Microsoft has been trading above $US40 for most of the year (at times even reaching near historic highs), but analysts from Citi believe stock price will likely crash to $US36 after Microsoft reports earnings later this month.
It’s rare these days for big Wall Street firms to actually tell investors to sell a stock, but the Citi team, led by analyst Walter Pritchard, is doing exactly that:
We rate shares of Microsoft a Sell. We believe shares are being buoyed by excitement around new CEO Nadella and cloud services.
There’s a lot of controversy around Microsoft right now, its stock price and how its new CEO Satya Nadella will be able to monetise his vision for the company.

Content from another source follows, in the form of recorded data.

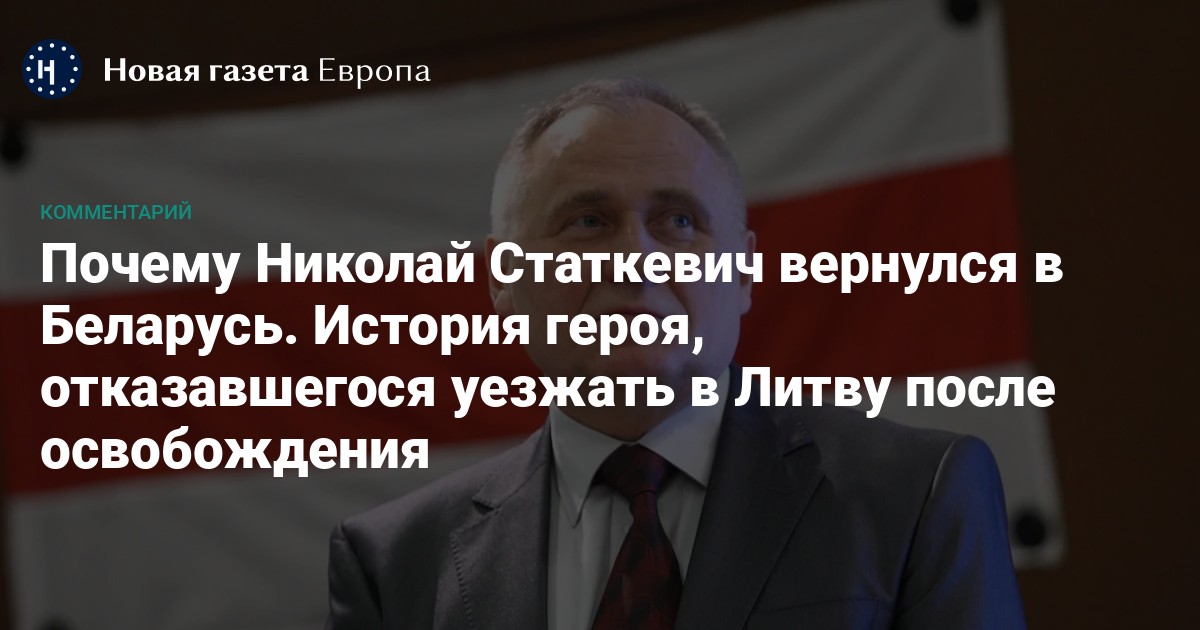 Николай Статкевич всегда говорил, что не уедет. И когда его освобождали в 2015 году, он, едва приехав на минский вокзал из колонии, сказал минчанам, пришедшим его встречать: «Я никуда не уеду. Мы сделаем эту страну нормальной и свободной». А когда его спросили, собирается ли он возвращаться в политику, Николай ответил: «Я бы не назвал то, что происходит, политикой. Я возвращаюсь в борьбу». Так стоит ли удивляться тому, что Николай, по свидетельству других бывших политзеков, на нейтральной территории просто выбил дверь автобуса и вышел, чтобы не оказаться в Литве, а вернуться в Беларусь.
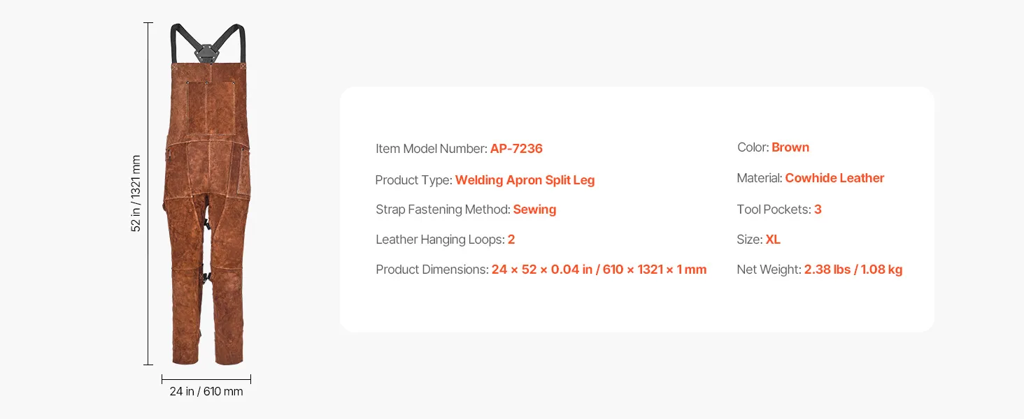 Fartuch spawalniczy VEVOR z rozciętymi nogawkami, fartuch ogrodniczy 610x1321 mm, fartuch roboczy ze skóry bydlęcej, odporny na ciepło, z 3 kieszeniami, do prac w drewnie, ogrodzie, kowalstwie, XL
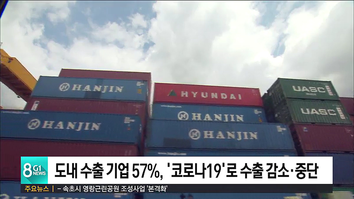 '코로나19' 여파로 도내 수출 기업의 절반 이상이 수출 감소나 중단을 겪고 있는 것으로 조사됐습니다.
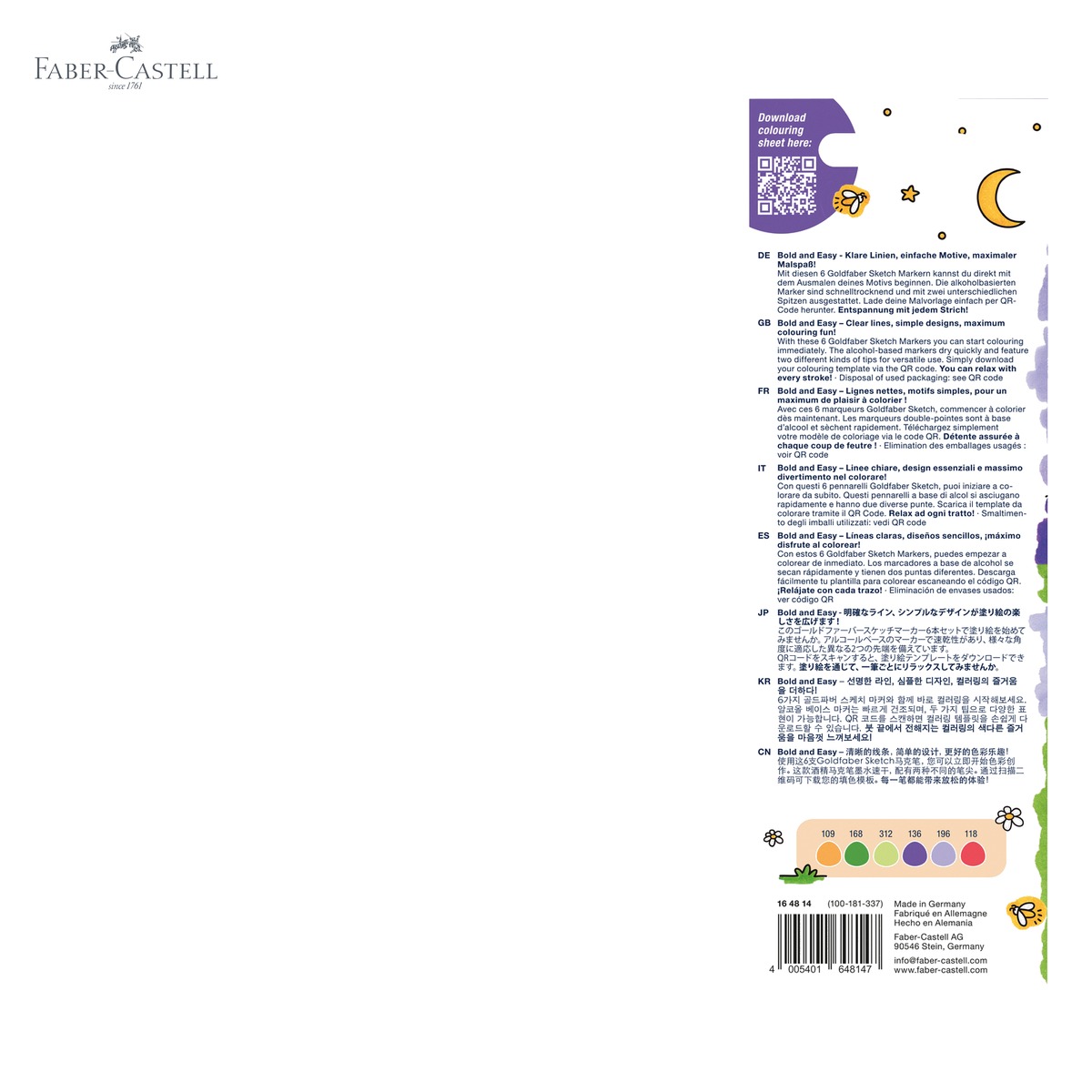 Setul Goldfaber Bold and Easy de la Faber-Castell vine cu o serie de avantaje clare fata de markerele obisnuite. In primul rand, dubla functionalitate a fiecarui marker elimina nevoia de a schimba instrumentele constant: varful flexibil tip pensula permite trasaturi de diferite grosimi in functie de presiunea aplicata, ideal pentru colorare expresiva si lettering, in timp ce varful tip liner asigura linii fine si precise, perfecte pentru contururi si detalii. Cerneala pe baza de alcool garanteaza o aplicare uniforma, fara striuri vizibile, si culori intense care raman vibrante pe hartie. Dupa uscare, cerneala devine rezistenta la apa, ceea ce inseamna ca lucrarile tale sunt durabile si nu se sterg accidental. Un alt avantaj important este angajamentul de sustenabilitate: corpul si capacul markerelor sunt fabricate din material 100% reciclat, ceea ce face acest produs o alegere responsabila fata de mediu. In plus, brandul Faber-Castell este sinonim cu calitate si fiabilitate, garantand o experienta placuta de utilizare pentru orice nivel de experienta.

Nadella’s plans include giving away the next version of Windows, Windows 10, for a year to consumers, as well as offering free versions for small devices; pushing its enterprise customers to cloud services, some of which are low margin, in the hopes of enticing them to also buy higher margin cloud services; and bringing to market a whole new set of apps and technologies that let people work smarter, faster, and collaboratively on any platform, — not just Windows, but also iOS and Android.
While most analysts believe in the long-term vision, they remain concerned about the mid-term.
Pritchard is particularly concerned about:
- Continued decline of the PC market that is not offset by Microsoft’s small share of the smartphone market.
- Cannibalization of the company’s high-margin cash cow businesses, including Windows and Office, replaced by lower-margin cloud-based businesses.
- More debt on the books to offset the decrease in cash flow and still meet the promises for stock buy-backs.
- and, like all the bears these days, he also warns there could be a bigger hit from the foreign exchange rate, which is plaguing all US multinationals.
Pritchard summarized his view:
MSFT is wrestling with difficult strategic issues where we believe there are no easy answers (Windows challenges and associated consumer monetisation, cloud transition / margins while maintaining developer relevance). We expect some of this to be highlighted at BUILD developer conference (Apr 29th) where Windows will be the focus. We believe these strategic quandaries are more likely to results in further multiple contraction.
Pritchard’s bearish view is echoed by others like Goldman Sachs, who also rates the stock a sell.
But that view is being countered by more optimistic analysts, like Wells Fargo, who think Microsoft has a clear plan, and that stock will leap as the company shows progress in its key new areas, like cloud computing.